Typically, methods for dealing with multiple tests call for adjusting alpha in some way, however, these methods are designed for statistical investigations looking for a single significant result, ‘a discovery’. This is not the case in the application of two statistical tests looking for concurrent significant results.  

Setting alpha to 0.1 in both tests so that the chance of a false positive ‘increased’ or ‘decreased’ result is 1% is suitably rigorous and decidedly reasonable for the task at hand.

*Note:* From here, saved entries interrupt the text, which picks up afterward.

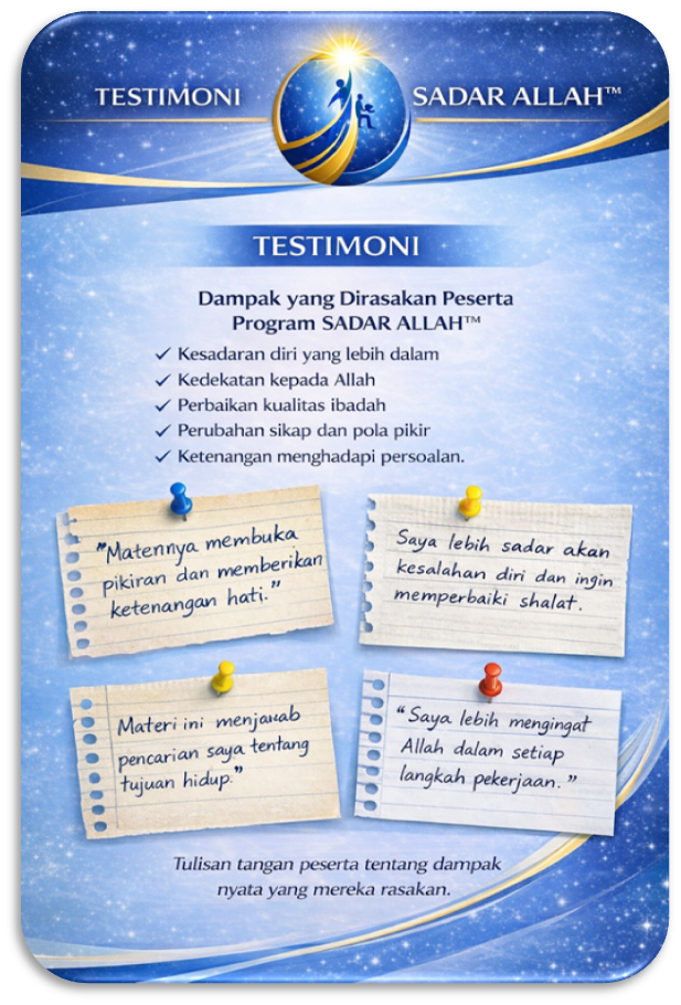SADAR ALLAH hadir untuk membantu peserta menyelaraskan iman dan aktivitas, sehingga menghasilkan ketenangan hati, kejernihan berpikir, dan produktivitas kerja.
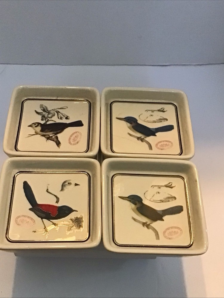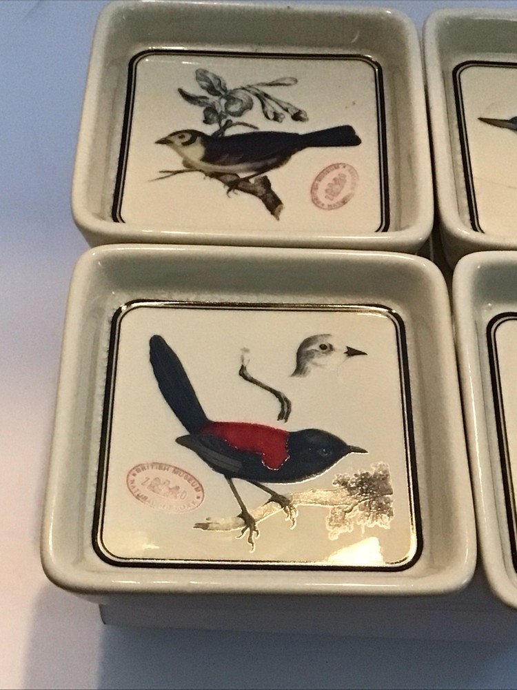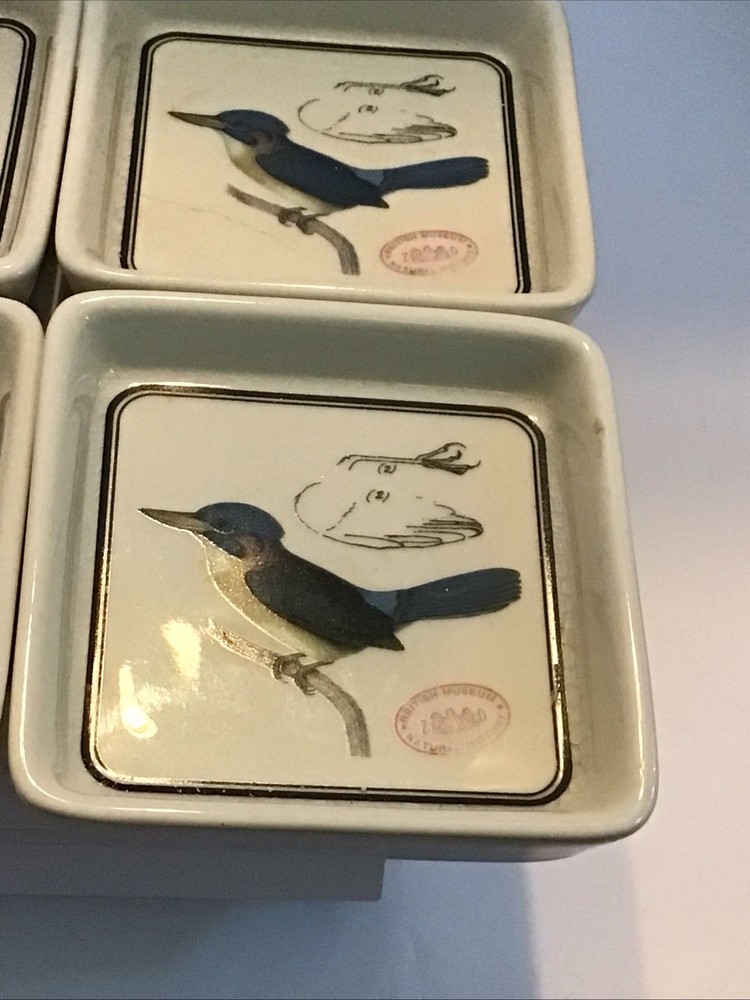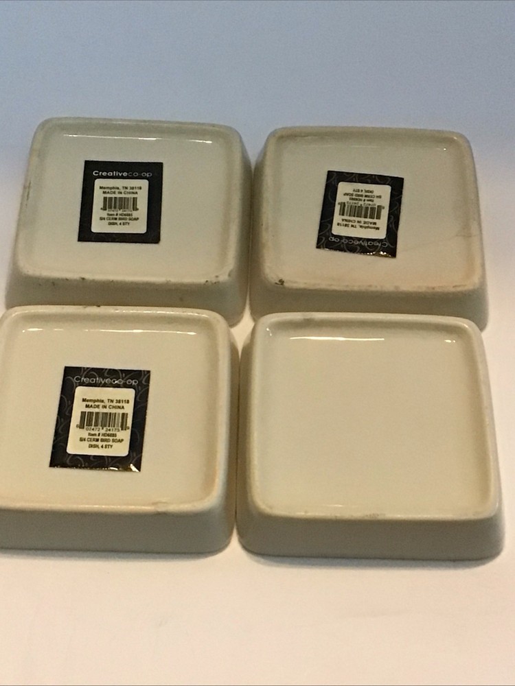 The Creative CoOp British Museum 4 Ceramic Bird Soap Dish is a retro-inspired decorative accessory perfect for vintage and bird-themed home decor. These small square dishes feature a multicolor bird and foliage pattern, adding a whimsical touch to any space. Made of ironstone with a glossy finish, these commemorative stackable dishes are ideal for displaying keys, coins, candy, or soap in a unique and charming way. Perfect for all occasions, these handmade vintage pieces are a one-of-a-kind addition to your home.
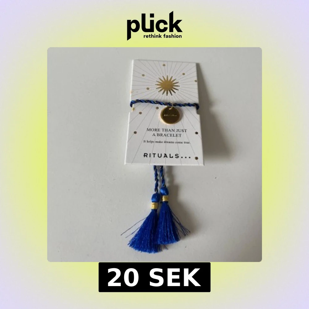 Snyggt armband från Rituals i blått och guld med tvinnad design och två stora tofsar. Armbandet har en rund guldfärgad berlock med Rituals-loggan och detaljer i guld.
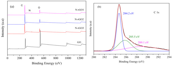Figure 5a illustrates the X-ray photoelectron spectroscopy (XPS) survey scan of GO and N-rGO. In the XPS spectra of N-rGO samples, O 1s, C 1s, and N 1s appeared at 285.3, 533.5, and 400.1 eV, respectively. When the XPS spectra of GO and N-rGO were compared, a substantial decrease in O 1s was observed in the N-rGO spectrum, which was ascribed to the reduction in graphene oxide. The Gaussian deconvolution of O 1s, C 1s, and N 1s of corresponding peaks was also performed to further analyze the existence of functionalized states in N-rGO samples, as shown in Figure 5b–d. Figure 5b illustrates the deconvoluted C 1s XPS spectra of N-rGO, where several peaks were observed, including C=C (284.2 eV), C–OH (285.5 eV), and C=O (289.1 eV), associated with chemical bonding of carbon–carbon and C-oxygen-related functional groups. A strong peak in C 1s spectra at 284.2 eV was observed and ascribed to the SP2 bonding of carbon atoms, which indicates the existence of the majority of carbon atoms in the honeycomb structure [34]. In O 1s deconvolution spectra (Figure 5c), the corresponding peaks at 531.2, 533.6, and 534.8 eV were ascribed to the O=C–OH, C–OH, and C–O functional groups, respectively [48]. Moreover, the N 1s spectrum was also convoluted into two peaks, 398.2 and 400.3 eV, as shown in Figure 5d, which corresponds to the existence of pyridinic and pyrrolic-N graphitic structures [15].
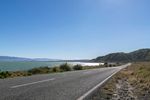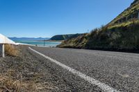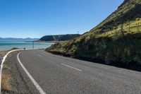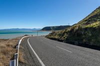 A scenic coastal road in New Zealand, with clear skies and the ocean water reflecting the low sunlight of the day, surrounded by greenery and asphalt.
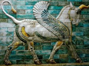 Sometimes (like in Shushan above), the unicorn is depicted with wings, reminiscent of the Greek mythological beast known as Pegasus. The earliest mention of this animal is from the Hittites (the Torah’s Hittim, listed among the tribes in Canaan), who called it pihassas, “lightning-horse”. The majestic winged-horse/unicorn flies down from the clouds, hence the association with lightning. Similarly, the Midrash (Yalkut Shimoni II, 688) records a fascinating story in which the majestic re’em/unicorn lifts David up into the clouds:

## Observed data: comparing pre and post Basin Plan
- Pre Basin Plan period: 1994 to 2011 water years
- Post Basin Plan period: 2012 to 2018 water years

In [0]:
def siteloop(ResultsDataFrame, Catchment, quiet=True):
  '''Takes in dataframe with Terminal Wetland ratio and date,
  filters the dataframe to pre and post basin plan periods,
  runs  Welsh's t test and ks two sample test on both periods,
  returns the results dataframe'''
  pre = np.array(ResultsDataFrame[(ResultsDataFrame['Water Year']
               < 2012) & (ResultsDataFrame['Catchment']
               == Catchment)]['Ratio'])
  post = np.array(ResultsDataFrame[(ResultsDataFrame['Water Year']
                  >= 2012) & (ResultsDataFrame['Catchment']
                  == Catchment)]['Ratio'])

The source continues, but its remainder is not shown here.